National reports pose a special challenge—ideally, they should also be able to access the BIRD data pool. Due to the number of involved countries and available local reporting demands, the complexity would be increased again. Thus, it must be reviewed whether national supervisory authorities can implement own information extensions beyond the BIRD standard. One disadvantage of this is that redundancies may occur in the business glossary.
Banks are obliged to submit provided templates to the responsible authorities so that new regulations can come into effect. Due to the implementation complexity of many initiatives, projects are often started up to 2 years before initial reporting. One requirement of today’s standard software in regulatory reporting is that the provider presents the extended data requirements at an early point in time and that software updates are provided before coming into effect. This is the only way for banks to start implementation, to conduct testing and to submit the initial report to the responsible authority in a high quality.
Furthermore, the data requirements must be defined stably and clearly. Changes in requirements cause considerable implementation efforts and costs. An unambiguous and clear description of the data model in the data dictionary is essential and prevents misunderstanding in the communication with banks and internally at the banks.
Because of this, a significant success factor of BIRD is that the necessary extensions of new regulations are integrated into BIRD with a high level of maturity so that banks can start their projects based on the extensions. Without this, BIRD would be seen as an additional interface that generates extra costs without bringing any advantages. If already existing and implemented reports are supplemented, the goal is to minimize the parallel phase for reducing costs.
In addition, it would help the good idea of BIRD if existing software providers offered a BIRD interface or if the authorities provided own software according to the implemented reporting scope. For this purpose, existing reporting providers should be included in the process.
Integrated finance and risk architecture (IFRA) is an important basis for the cost-efficient implementation of BIRD
Banks themselves can lay important foundations for the success of BIRD: zeb project experience in implementing regulatory data models shows that banks that have already invested in an integrated finance and risk architecture (IFRA) and built it up have created important infrastructures for BIRD. In an established integrated finance and risk architecture
- source systems have already been integrated,
- data models have been harmonized and can be reconciled and
- delivery routes are the only things that require expanding.
On the other hand, banks that try to build on individual “data silos” for BIRD have to
- integrate the diverse individual source systems,
- develop new interfaces and
- invest a lot of effort in the ability to harmonize the “data silos” and reconcile them with the supervisory data model of BIRD.
Start implementation only after important framework conditions have been defined by the supervisory authorities
Fundamentally, banking supervision is taking the right step by introducing BIRD and the regulatory data model.
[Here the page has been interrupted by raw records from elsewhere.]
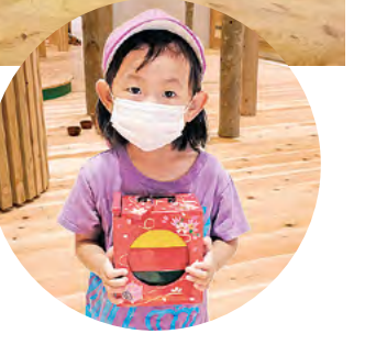
●大小さまざまな「遊山箱」も用意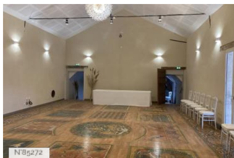
Chateau d'Hazeville - Salles de réception (Fontaine et Persée)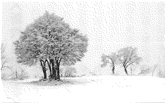
写真「なごり雪」 若山文雄さん (南魚支部)

6p 能登半島地震の対応 ミニ情報 7p みんなの広場 (山上オクラ、今井真悟、佐久間節子)

BIRD can significantly simplify regulatory reporting in banks and may even revolutionize it. Based on our project experiences, however, the implementation of BIRD can only be recommended, once the framework conditions mentioned above have been defined and the requirements have become stable and reliable.
An integrated finance and risk architecture is a major prerequisite for this. Now more than ever, the establishment and implementation of an integrated finance and risk data architecture should be reviewed and pursued further. It lays important foundations in the infrastructure to implement supervisory requirements, such as AnaCredit and BIRD.